Before rounding up ingredients, I'd reached for my one and only frying pan. Well, it's not actually my "only" one. I had used my "one and only" a day ago. Yes, I should have run a dish batch before my white laundry hit the hot water, but I hadn't done that so I was left with using the skillet from the set of pans I bought 51 years ago. Of course, I'm still using them! They have served--and continue to serve--me well, with the exception of that skillet. It can be a bit of a terror to use. 

Pouring a drizzle of olive oil into my moody pan, I clicked a stove-top burner to "ON" and went to work slicing red pepper, thinking I'd be finished by the time the oil was heated. By the time I had something to add to the pan, the oil was too hot but I was impatient and didn't wait long to add the pepper. A quick grab of a lid would have stopped the splattering at once but since I do not move in anyway that qualifies as "quick" anymore, the splattering was not quelled without a tiny bit of hot oil landing on my outstretched forearm. I think I saved my work shirt from oil stains, though.

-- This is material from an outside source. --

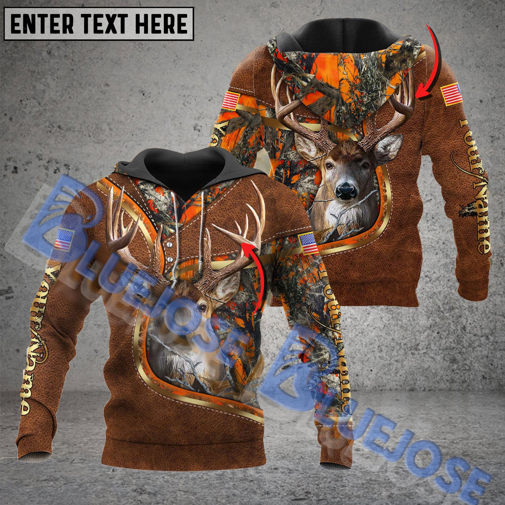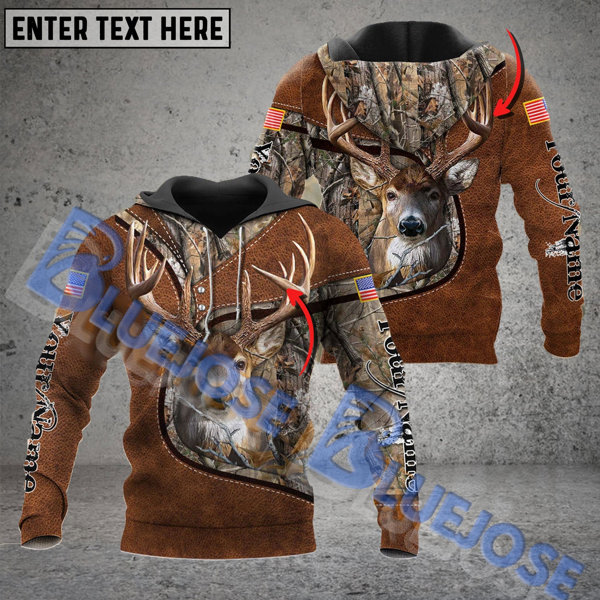 BlueJose Customized Name Wilderness Deer Hunting American Flag 3D Shirt (2 Colors)

On with my chopping, halving tomatoes, and making yam dices. Once everything was in the pan, a quick stir revealed that my pepper slices had become a bit Cajun, though not totally blackened. No problem. "Burnt" is not a new word in my vocabulary.

"I'll be hungry again in 30 minutes," I thought. "What can I add?" The something else was a bag of greens. I thought I was adding a mix of baby spinach, chard, and kale but on closer inspection, flipping the empty bag over as I discarded it, the label read, "Spring Mixed Greens". Tender greens, in fact, like for salad and not ones I generally use for cooking. Oh well, they were in the pot, wilting away. I'd seen Jacques Pepin on a recent TV cooking spot use all kinds of things in his cooked dishes. I don't recall if lettuce was on his list, but it's on mine, now, as something that can be eaten cooked or raw! 

Had those greens been of my usual mix variety, I'd be adding a spot of lemon near the end of the cooking, so to the mix I'd made, I added lemon pepper seasoning and a diced, fresh Mandarin plus some home-grown Pineapple Sage. A few pieces of cooked and chopped chicken and a small handful of unsalted, mixed nuts--Pistachio, Cashew, Almond--rounded out the mix.